Heterogeneity was assessed using funnel plots and the Egger test. The funnel plots in Supplementary Figures S1 and S3 were relatively symmetrical, with the effect sizes of the studies evenly distributed around the overall effect size. Egger’s test, a regression test used for quantitatively assessing publication bias, showed p-values of 0.686 (> 0.05) in Supplementary Figure S2 and 0.569 (> 0.05) in Supplementary Figure S4, indicating that the symmetry of the funnel plots was not significant and the likelihood of publication bias was low, suggesting no heterogeneity.

Discussion

Currently, the assessment of the severity of diabetic retinopathy in patients heavily relies on manual interpretation of retinal fundus images, which poses significant challenges (31). Therefore, automated image grading systems play a crucial role in the early diagnosis and evaluation of these vision-threatening diseases. For example, deep learning algorithms and image processing techniques can analyze large volumes of fundus images, providing consistent and highly accurate diagnostic results, reducing human error, and improving diagnostic accuracy (3234). By regularly collecting and analyzing patients’ fundus images, automated image grading systems can continuously monitor the progression of diabetic retinopathy, assisting doctors in timely adjusting treatment plans to achieve the best therapeutic outcomes (34). Multiple studies (3537) have shown that deep learning algorithms can be used to generate expert-level grading diagnoses for retinal fundus images. However, these methods often achieve good performance at the expense of increased time complexity. Due to the same input image size in these independent models, the robustness of their classification is relatively poor. Therefore, this study employs a systematic review and meta-analysis to analyze the role of deep learning-based optical coherence tomography and retinal images in the detection of diabetic retinopathy.

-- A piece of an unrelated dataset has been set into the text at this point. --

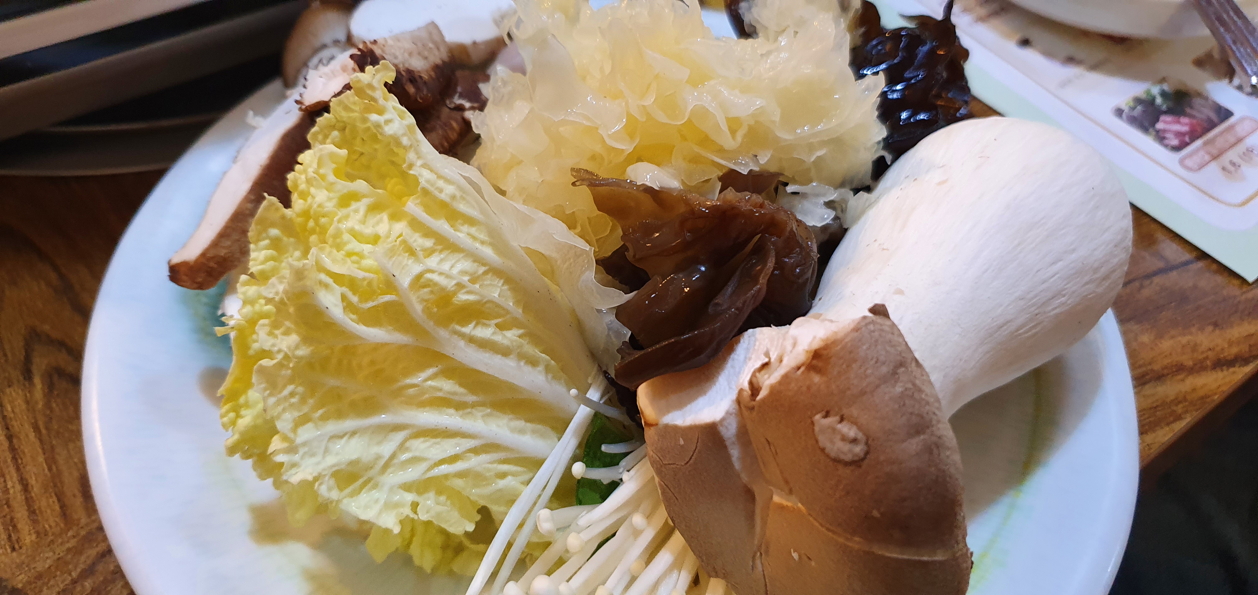우선 홀에 준비된 다양한 반찬과 버섯 등이 준비되어 있는데, 먹고자 하는걸 접시에 담아 오면 된다. 겉절이 김치부터, 장아찌, 비트와 양배추 절임 버섯탕수육, 잡채 등이 준비되어있고 메인 음식인 다양한 버섯도 접시에 담아서 배추와 함께 끓고 있는 육수에 넣어주면 된다. 탱탱하고 쫄깃한 버섯의 식감을 즐길 수 있다. 역시 샤부샤부처럼 즐길 수 있는 전골이다 보니, 고기가 빠질 수 없겠지 소고기도 당연히 넣어서 같이 먹어주면 된다. 이번 포스팅은 길게 말할 것 없으니 잠시 아래와 같이 사진으로 살펴보도록 하자

The results of this meta-analysis confirmed that, compared to standard care, autonomous artificial intelligence improved the completion rate of diabetic eye exams in adolescents with diabetes [OR=1.88, 95% CI=(1.45, 2.44), p=0.031]. Risa M et al. (21) were the first to assess the role of artificial intelligence in narrowing the care gap among racially and ethnically diverse adolescent diabetic patients. The study indicated that closing the care gap for diabetic eye exams, as measured by MIPS and HEDIS quality indicators, was a crucial component of value-based care. The results suggested that autonomous artificial intelligence could help meet these historically challenging benchmarks, particularly among racially/ethnically diverse and resource-limited youth. Li et al. (28) confirmed that, although deep learning (DL) detection often showed larger deviations at points such as the porion, subspinale, gonion, articulare, and anterior nasal spine, DL might not exceed expert detection accuracy but could clearly assist both regular and experienced examiners in landmark detection. Training models on larger datasets might have eventually helped achieve or surpass expert accuracy. The results indicated that DL models included in the studies achieved an accuracy above 83% for identifying diabetic retinopathy. A total of 71% of established DL research models had detection accuracies exceeding 90%. Mehboob A et al. (27) proposed a DL architecture consisting of three phases: image pre-processing, feature extraction, and classification. Deep convolutional networks (CNNs) were trained to extract deep features. Heat maps extracted from the proposed framework highlighted the presence of any exudates, microaneurysms, hemorrhages, cotton wool spots, or new vessels, indicating feature extraction from the affected region and achieving high accuracy. Deep CNNs could take unknown images as input and extract problem-specific features, thereby generating an appropriate response. The results showed that the proposed technique outperformed existing ones in terms of sensitivity. Even with a lighter CNN architecture, it demonstrated competitive accuracy. Moreover, among ensemble-based architectures, the proposed framework achieved the highest accuracy using average pooling when trained on an augmented dataset. F. Mansour Romany (30)used deep convolutional networks to classify data into normal and diseased categories with an accuracy of 97.93%.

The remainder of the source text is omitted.